Thursday, April 21, 2011

Rewarding Failure

I'm not going to start complaining about Extra Credits topic today. They opened it with a disclaimer that the games they were discussing were "interesting", not necessarily "good". And I can vouch for that, I've played some of those games and two of them (that I played) were utter crap. But they seem to have ignored one aspect of gaming journalism and fandom these days; "unique" is a code word for "excellent". The long and short of it is that an excellent game can be criticized for not being new and different enough, while an awful game can be lauded for doing something different irregardless of actual results. Let's say I did something different, like hunting tigers. That would be wildly different for me (and I'm pretty sure incredibly illegal). So I go on a tiger hunt, but instead of bagging a tiger I accidentally shoot and kill one of my porters. Well, props for trying something different I guess.

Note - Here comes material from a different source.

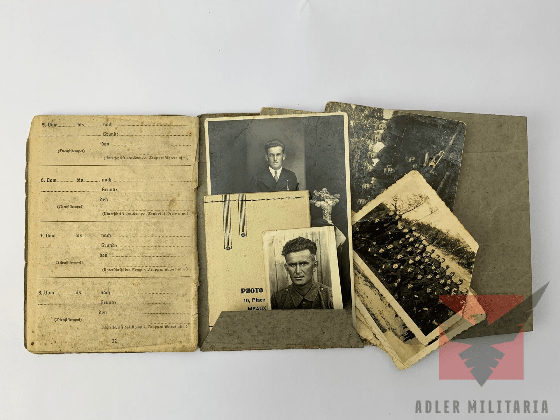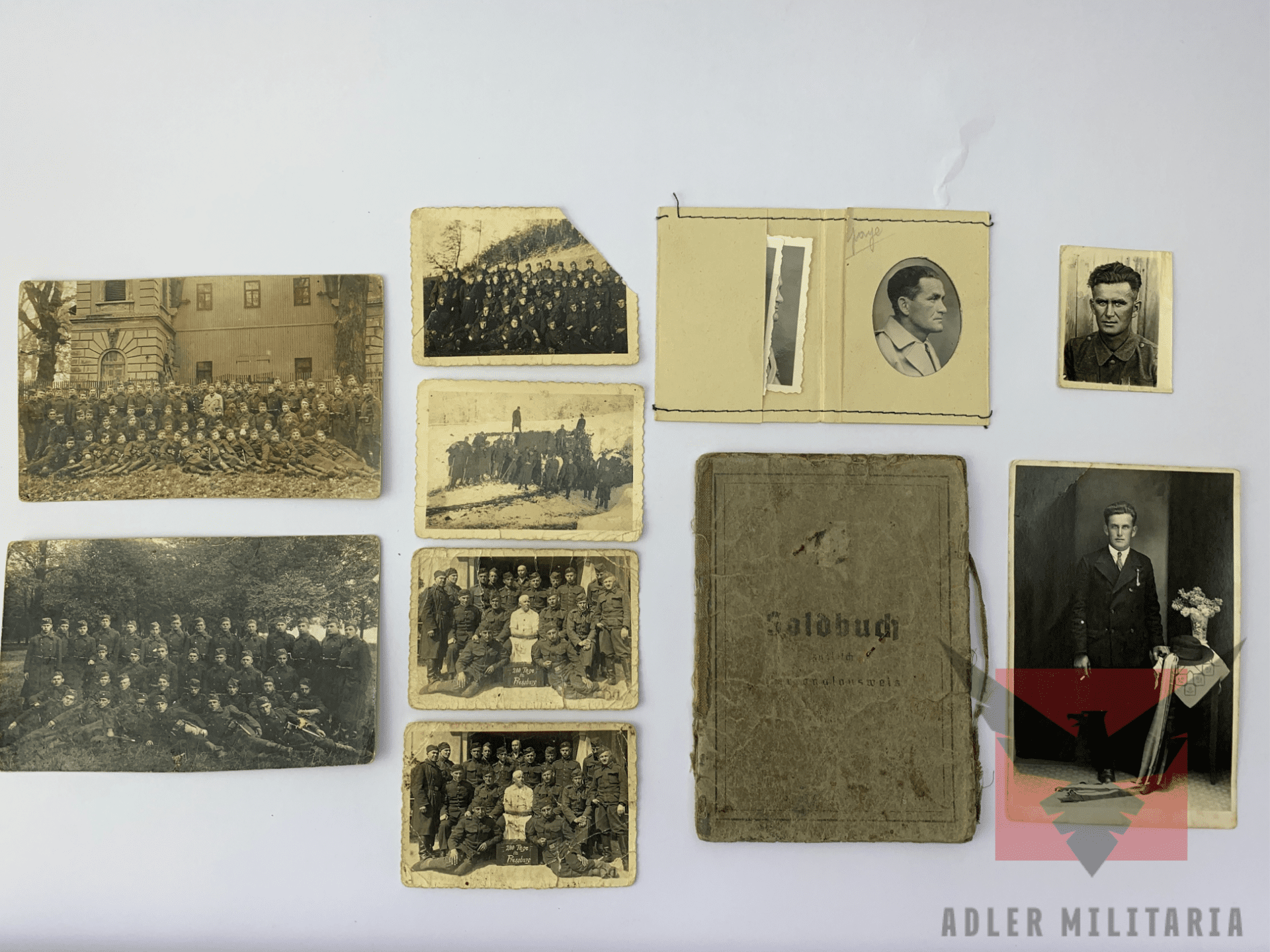 Winkler survived the war, pictures of him postwar were found in the rear pouch of his SS Soldbuch, including one large portrait of Winkler in 1936. A spare ID portrait photo for his SS documents, and two postwar portraits for documents.
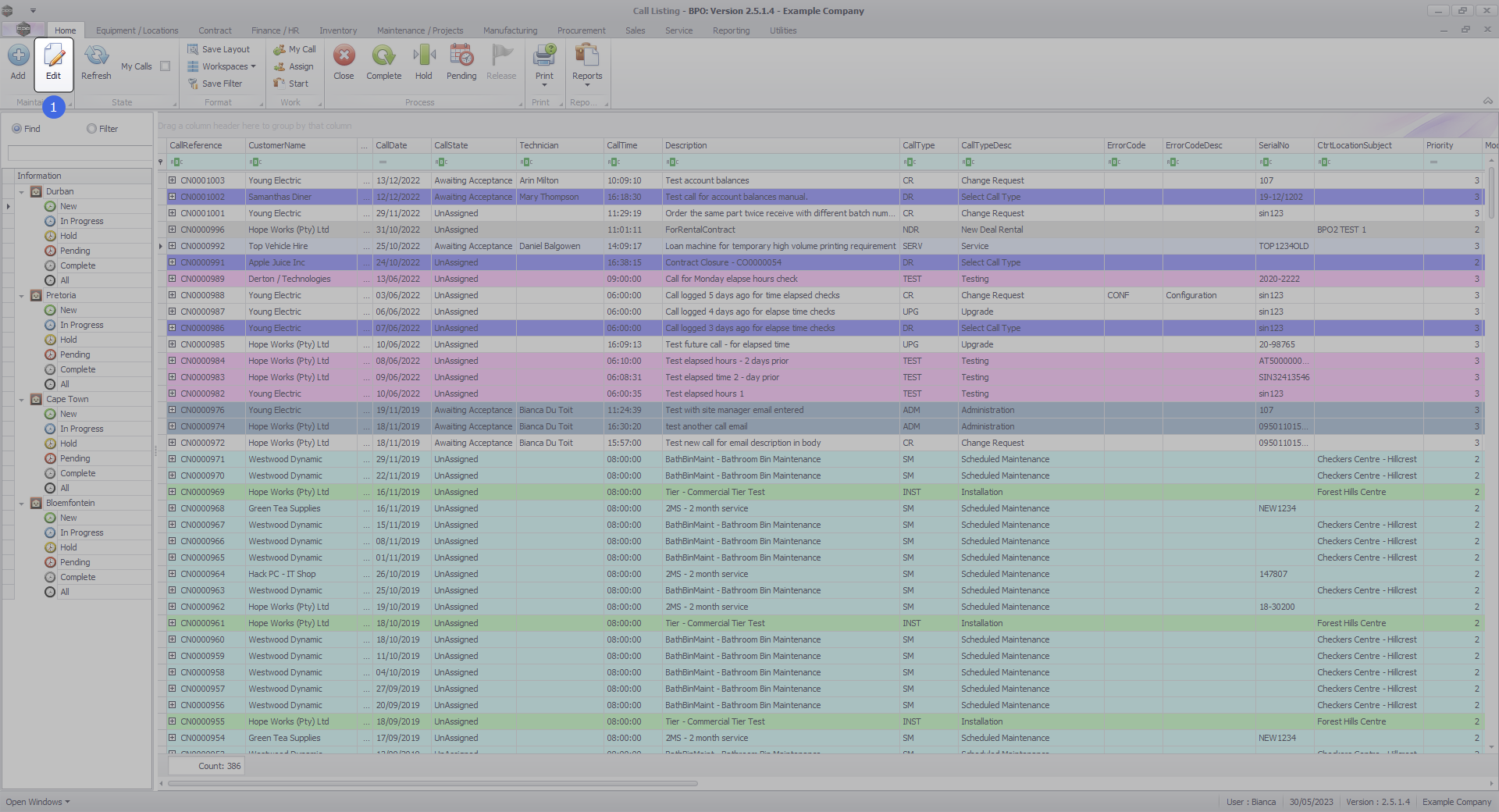 - Select the Call you wish to work with.

Frankly, I don't care how much effort and thought went into it, I'm not a fan of rewarding failure. Actually, if that much effort and thought went into a failure, that's even sadder. And if there wasn't much thought or effort put into it, then it's just a gimmick. And the gimmick failed. I don't want to reward that either. It may sound like this kind of thinking will stifle creativity, but think about it. You tried something new, you failed, try again and do better. As opposed to trying something new, you failed, but you tried something new. And that's just as complacent as Yet Another Call of Duty.